Así pues, el año 1914 y la cumbre del monte Ganekogorta protagonizan el inicio o pistoletazo a la historia de los concursos de montaña
Seguidamente, tras lo anterior, dejamos las biografías de los dos pioneros en el Concurso de los Cien Montes que protagonizan la camiseta conmemorativa, entresacadas las mismas de la Wikipedia de internet:
Indalecio Ojanguren Arrillaga (Eibar, 15/11/1887-Eibar, 18/02/1972), conocido como el “Fotógrafo Águila”. Fue un relevante fotógrafo eibartarra de principios del siglo XX que destacó por la fotografía paisajística, producto de su afición montañera.
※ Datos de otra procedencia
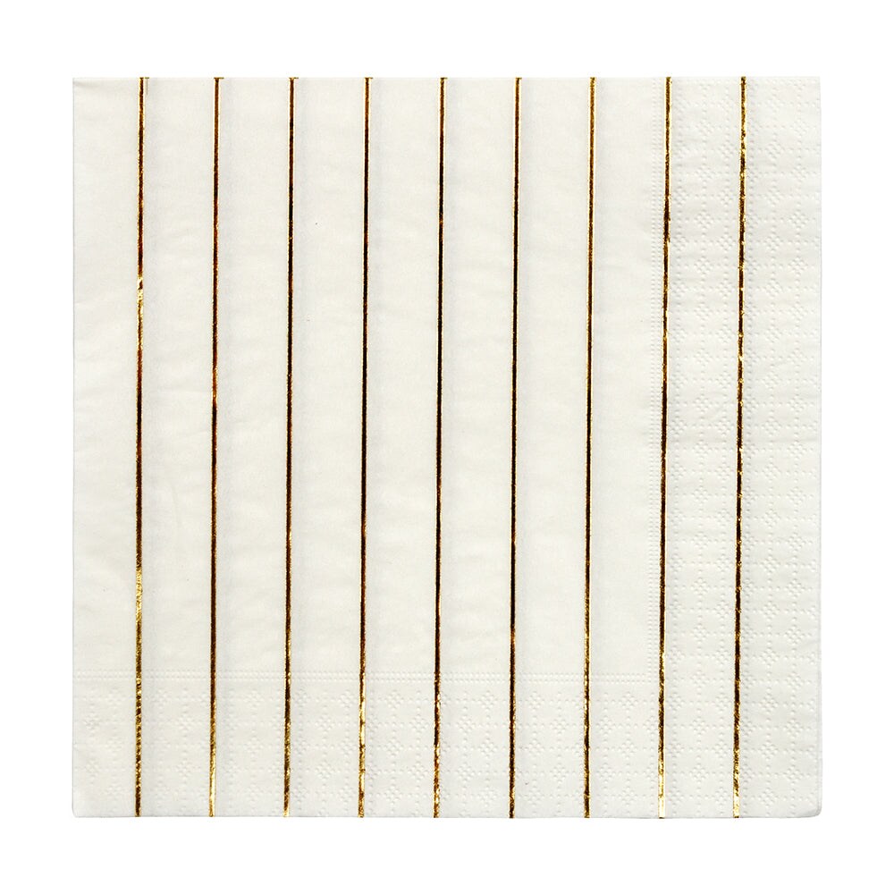Elegant White Napkins with Gold Metallic Stripes – 16-Pack Premium Thick Paper for Parties & Events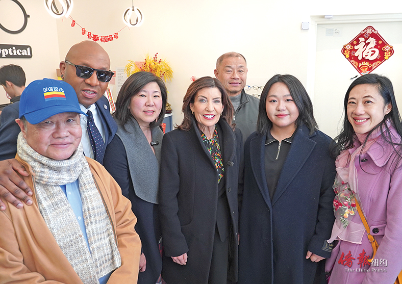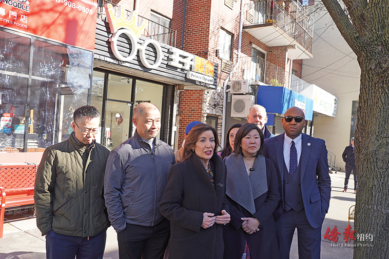 州长霍楚在多名民选官员和当地商界代表陪同下走访法拉盛。(州长办公室提供)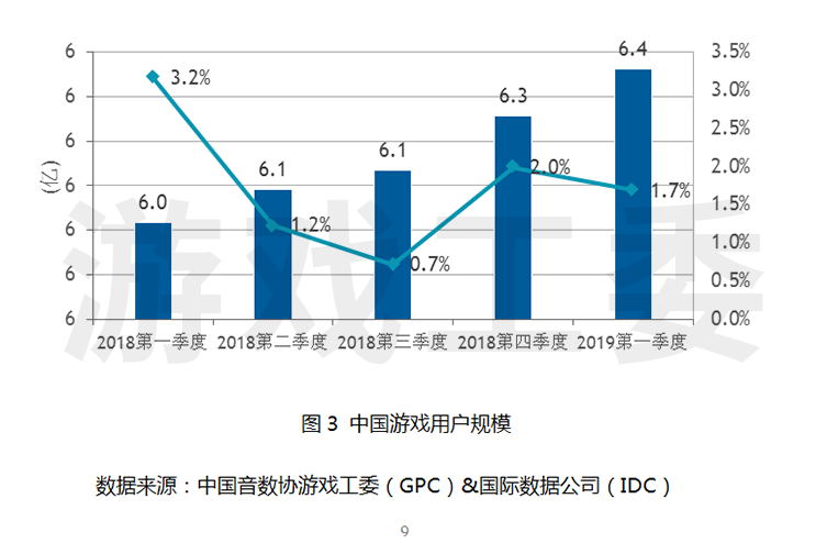 2019年第一季度,中国移动游戏市场实际销售收入为377.5亿元,环比增长8.5%,同比增长10.3%。尽管2018年第二季度中国移动游戏市场实际销售收入骤减,但总体仍呈增长趋势。移动游戏市场实际销售收入同比份额继续增加,占比为64.6%,相比于2018年年均增长率62.5%略有上升,与2018年第四季度的64.8%基本保持一致,移动游戏用户规模为6.2亿人,环比增长2.1%。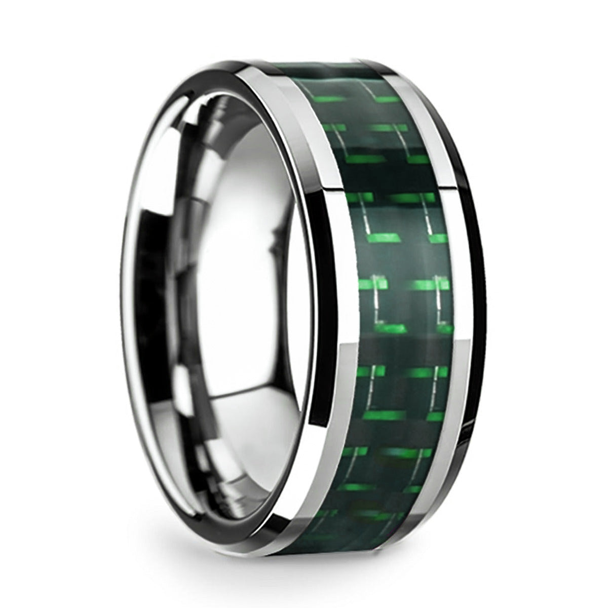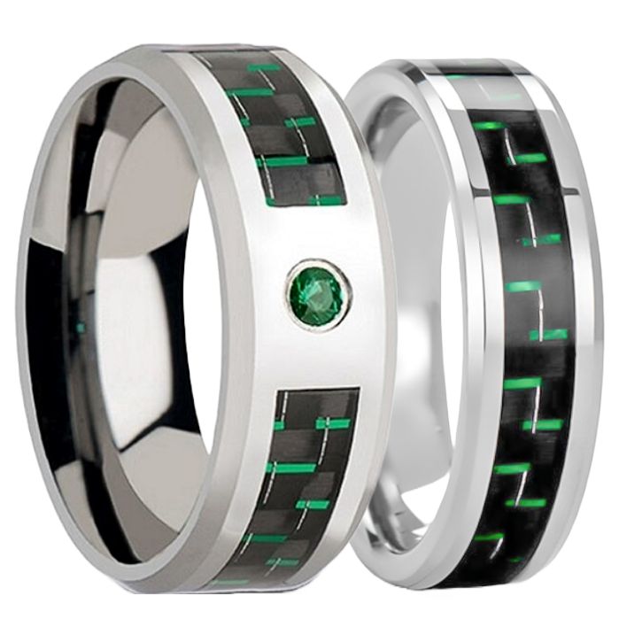 Black & Green Carbon Fiber Inlaid Tungsten Couple's Matching Wedding Band Set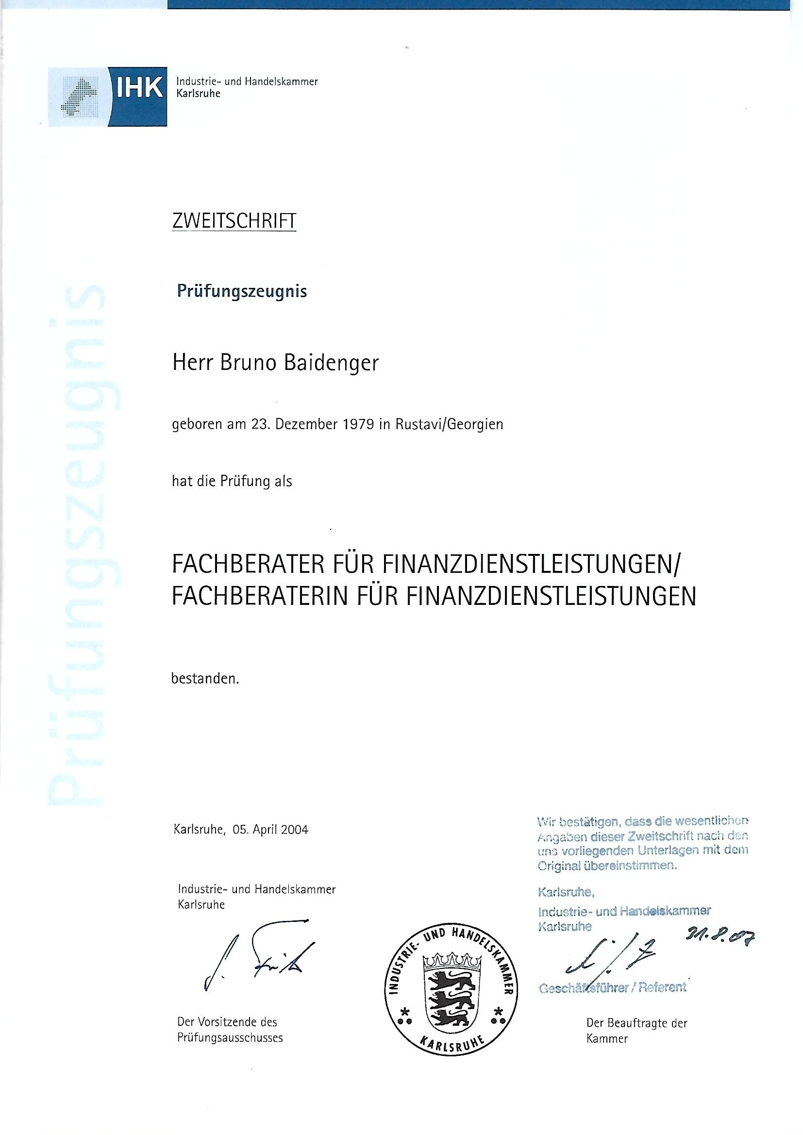 | 2004 | Fachberater für Finanzdienstleistungen (IHK) |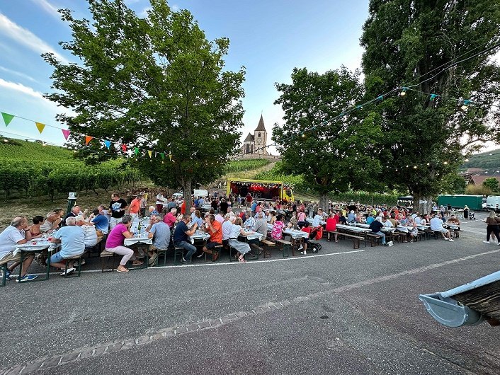 Soirée grillade à la belle étoile, au pied de l'église fortifiée d'Hunawihr, avec animation musicale, piste de danse et restauration !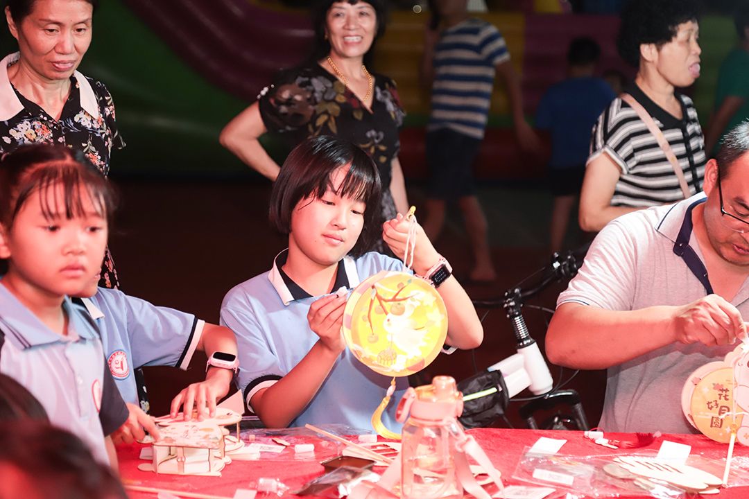 巧手DIY区则是孩子们展现创意的舞台,他们动手制作中秋夜光灯笼,一盏盏精美的灯笼点亮了社区的夜空,也照亮了孩子们的心灵。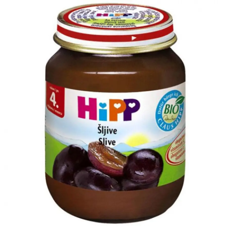 Šljive 50 %, voda, šećer, rižina krupica, rižin škrob, vitamin C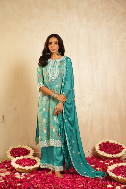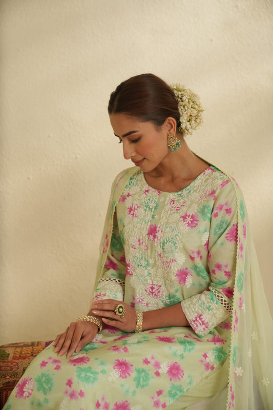 Maslin digital floral printed kurta pant set with digital printed dupatta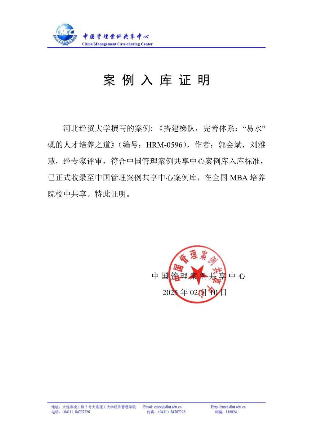 近日,sunbet教授郭会斌和2023级工商管理学研究生刘雅慧撰写的教学案例《搭建梯队,完善体系:“易水”砚的人才培养之道》(编号:HRM-0596)入选中国管理案例共享中心案例库。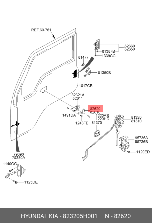 823205H001 HYUNDAI Ручка HYUNDAI HD65,72,78 двери внутренняя правая OE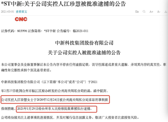 2月28日晚间,*ST中新(603996.SH)公布,公司于2021年2月27日收到台州市椒江区府办转发的台州海关缉私分局的函。函中提到,公司实控人江珍慧于2020年12月24日被台州海关缉私分局采取刑事拘留强制措施,2021年1月29日经台州市人民检察院批准被执行逮捕。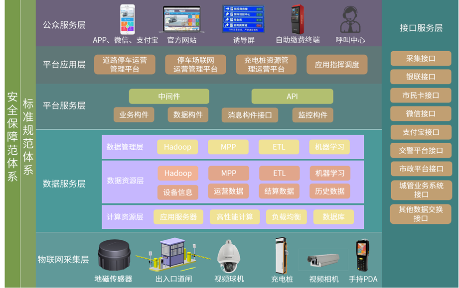 公衆服務層爲車主用戶提供各類應用服務,包括手機 App、微信公衆号、集成(chéng)于支付寶或微信等城市服務窗、停車誘導屏顯示、自助繳費終端、呼叫(jiào)中心服務等。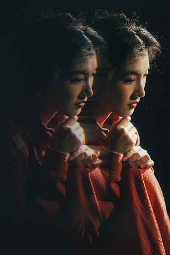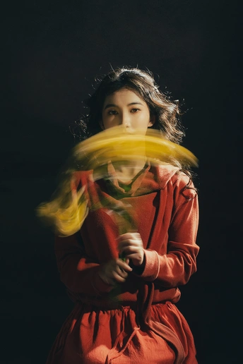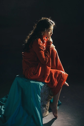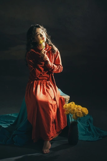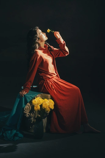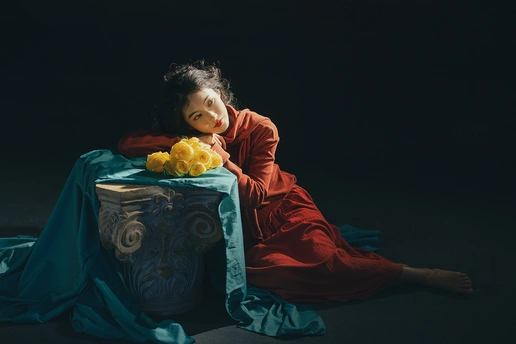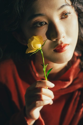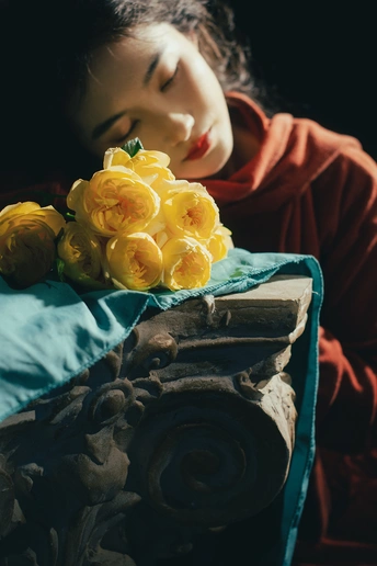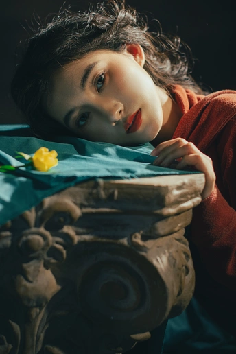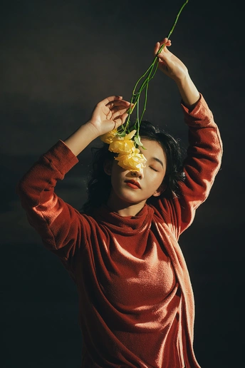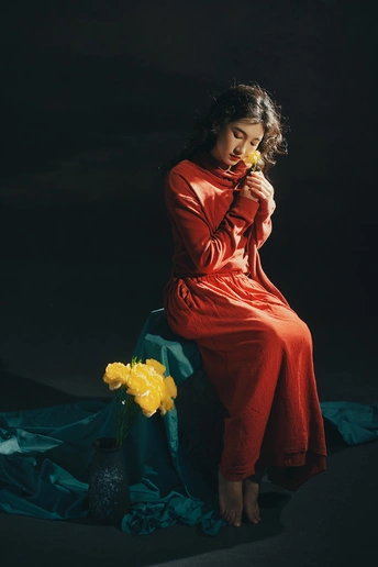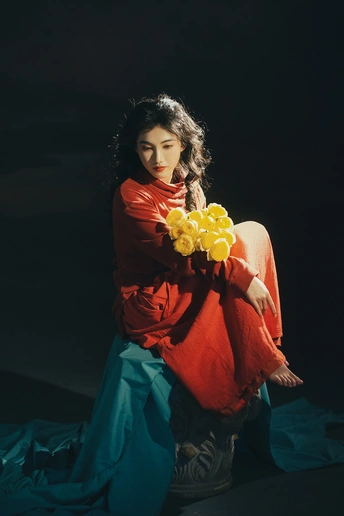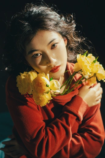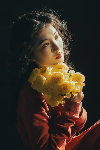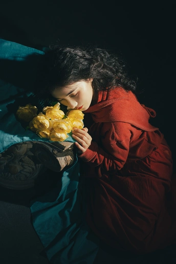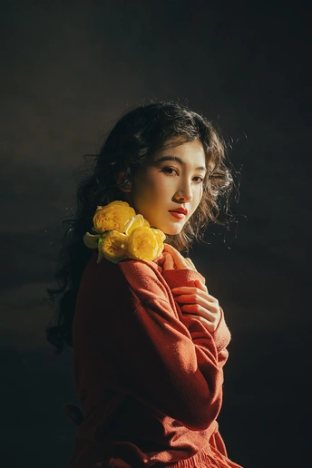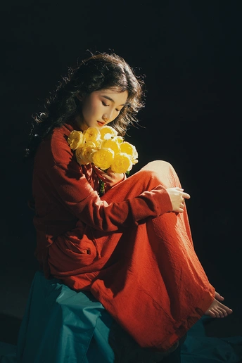 暗房里,光从一侧漫进来,像被时光轻轻吻过。 橘红的衣料裹着体温,明黄的花束在掌心呼吸。 我低头,让花瓣蹭过唇瓣,把喧嚣关在黑幕之外。 原来最治愈的,从来不是奔赴远方,而是在自己的世界里,安静地,做一回主角。 出镜:禾里雪 灯光指导:猫叔日记 妆造:秋如冬

Recibió el nombre de "Indalecio" en honor del que fue su padrino de bautizo, Indalecio Sarasqueta, conocido como Txikito de Eibar y Azpiri txiki, afamado pelotari de finales del siglo XIX.
A los dieciséis años de edad entra a trabajar en la empresa G.A.C., que en aquel entonces producía armas cortas, pistolas y revólveres. Allí se especializa en montajes de movimientos de disparadores de revólveres.
A comienzos del siglo XX, influenciado por el fotógrafo Román Ortuoste, Ojanguren comienza a interesarse en la fotografía. En 1908 el diario madrileño ABC publica una fotografía suya, siendo la primera vez que le pagaban por una fotografía, en la que mostraba una inundación ocurrida en Eibar, en la cual su propia casa de Ardanza fue una de las siniestradas.
En ese tiempo, comienza a recorrer los montes de los alrededores al recibir consejo médico de que debía «andar, andar y andar». La úlcera que tempranamente le habían diagnosticado no le permitía pasar las tardes de txikiteo con su cuadrilla. Indalecio Ojanguren perdió de esta forma una costumbre muy acendrada entre sus paisanos e inició la otra gran afición que, con el rodar del tiempo, le haría célebre.
En 1914 es cuando el Club Deportivo Bilbao impulsa los recorridos alpinos y, poco después, sería la Federación Vasco-Navarra de Alpinismo quien lograría difundir la afición alpina en el País Vasco. En estos inicios pioneros intervino Ojanguren, quien logró ser el primer guipuzcoano que realizaría el recorrido de los cien montes, que luego lo haría siete veces más.
Una imagen de Indalecio Ojanguren surcando el monte
En sus caminatas montañeras siempre iba acompañado de su cámara fotográfica realizando un sinfín de fotografías de paisajes, en los que en muchos de ellos aparecía él mismo. No dejando pasar ninguna oportunidad para el retrato de las diferentes celebraciones, de todo tipo, en las que participaba.
La unión de la afición fotográfica con la montaña haría que su obra fuera singular y le asignaran el apodo del “Fotógrafo Águila”, es decir, “el águila de las cuatrocientas cumbres”, que documentó gran parte de sus ascensiones a través de la fotografía.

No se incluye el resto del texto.